I don't think it would be fair to say anything based on just 4-5 algorithms. But I think we can say that chunking could be better than no chunking when we want to merge the results from each chunk afterwards and that merging is not trivial or inexpensive(based on betweenness_centrality and number_of_isolates). And I think we can discover more things as we add more algos. :)
Also, do you have a remote computer to run these on still? How is that connection timeout going?

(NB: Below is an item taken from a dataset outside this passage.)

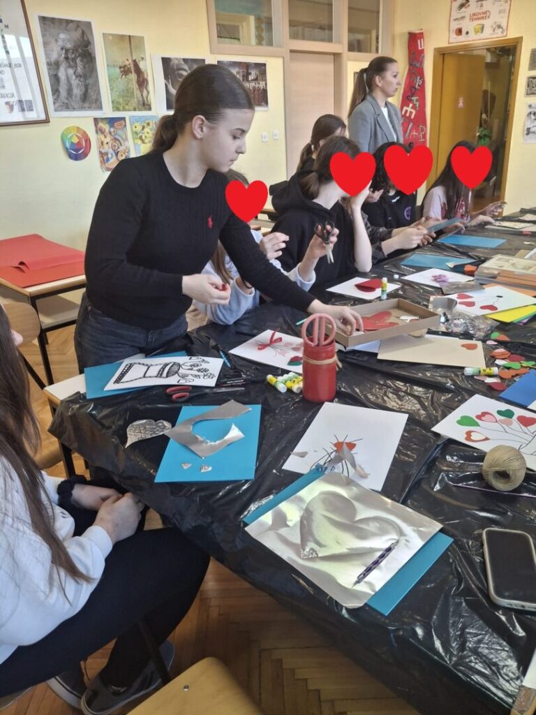 Učenici su imali priliku upoznat lim, kao materijal pogodan za oblikovanje i modeliranje ,te su kroz igru niskog i uleknutog reljefa stvarali obrise srca, a neki su dizajnirali i naušnice. Također smo se igrali i kolaž tehnikama, te na temu srca stvarali slike različitih kompozicija.
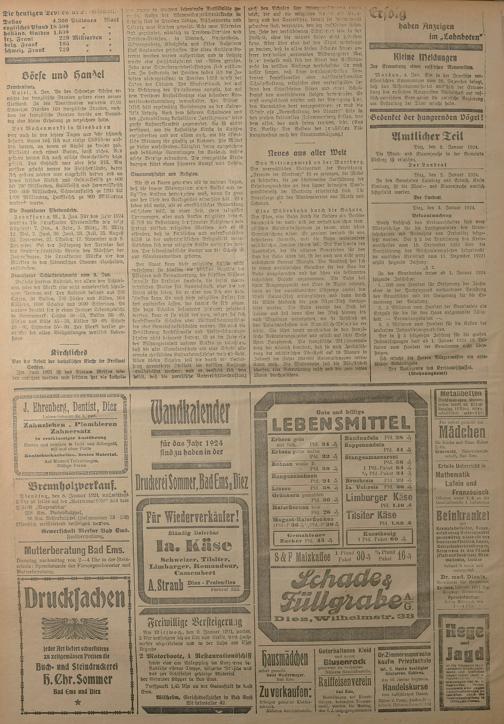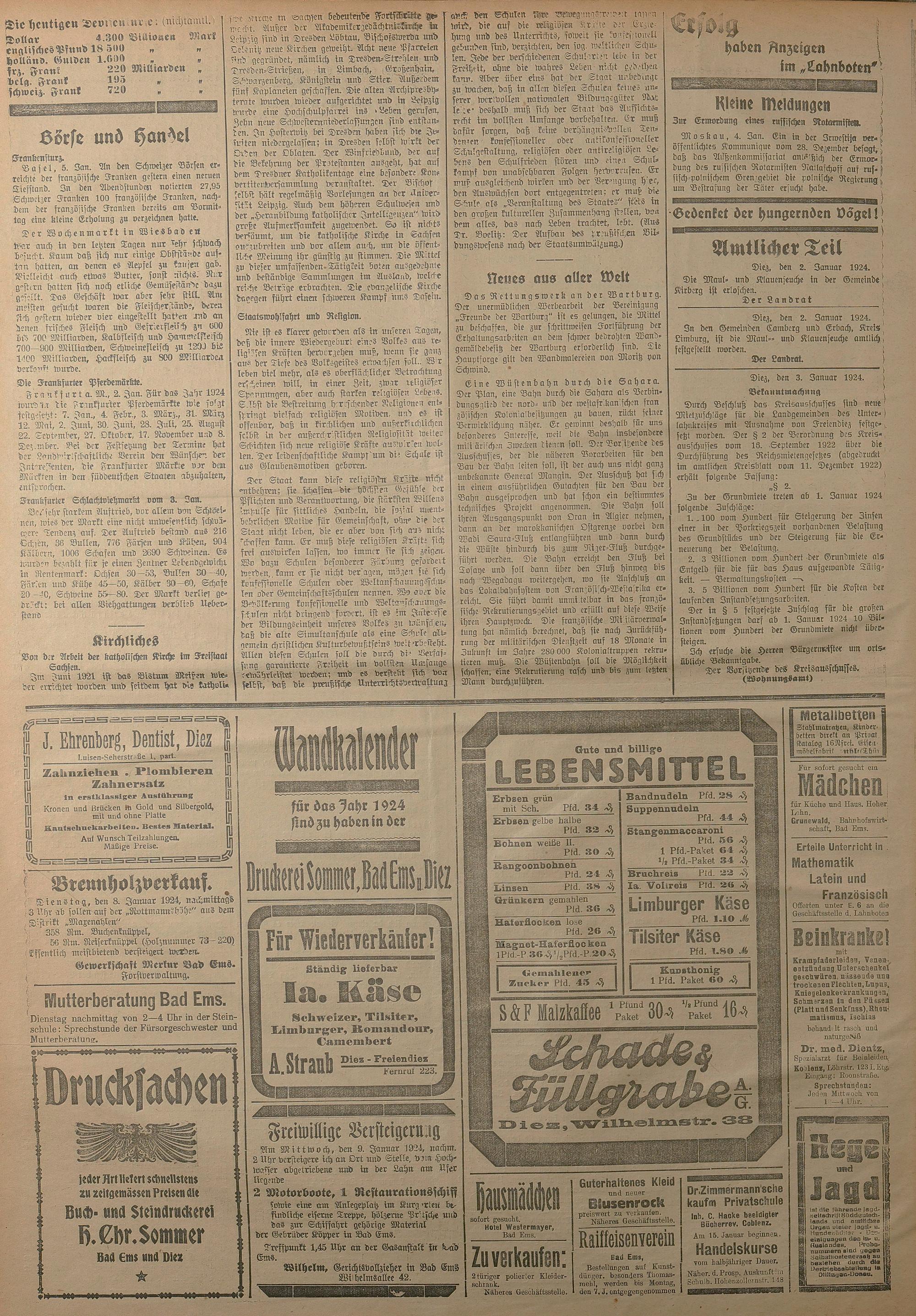 1924: Lahnbote bis 4. Apr. 1924/Emser Zeitung ab 5. Apr. 1924 - Nr. 10, 37 und 71...

I was able to increase the connection timeout by fixing the config you suggested in this comment. Thank you for that! And I added the results and html folders in this PR because I thought we will probably not merge this and it would be nice to have the results here if anyone would want to see them in the future. They are also in the VM.
Thank you :)
Thanks for the description of the difference between threads and jobs and cpus. I agree with you that we should be careful with the names of each concept. n_jobs
is different from number_of_cpus
.
About generators, IIUC, there are two ways joblib handles the generators: ordered and unordered. With ordered, the second generator has to wait until the first is done/stops before yielding its results. In the unordered case, objects are yielded in the order the processes complete their yielding with no waiting. Then the order things are yielded from the combined generator can change from run to run even with the same data. But my understanding of this is not from experience, just memories from reading the docs a few weeks ago. ;}
Quoting the doc:
Using return_as='generator' allows to progressively consume the outputs as they arrive and keeps the memory at an acceptable level. In this case, the output of the Parallel call is a generator that yields the results in the order the tasks have been submitted with. If the order of the tasks does not matter (for instance if they are consumed by a commutative aggregation function), then using return_as='generator_unordered' can be even more efficient.
If you meant to close this, just close it again. But you didn't say you were closing it, so i think it was closed with a button click.
All benchmarks were ran on (
machine.json
) :For the above 3, chunking is better than no chunking for all the cases. For the below one it doesn't seem to matter if we use chunking or not.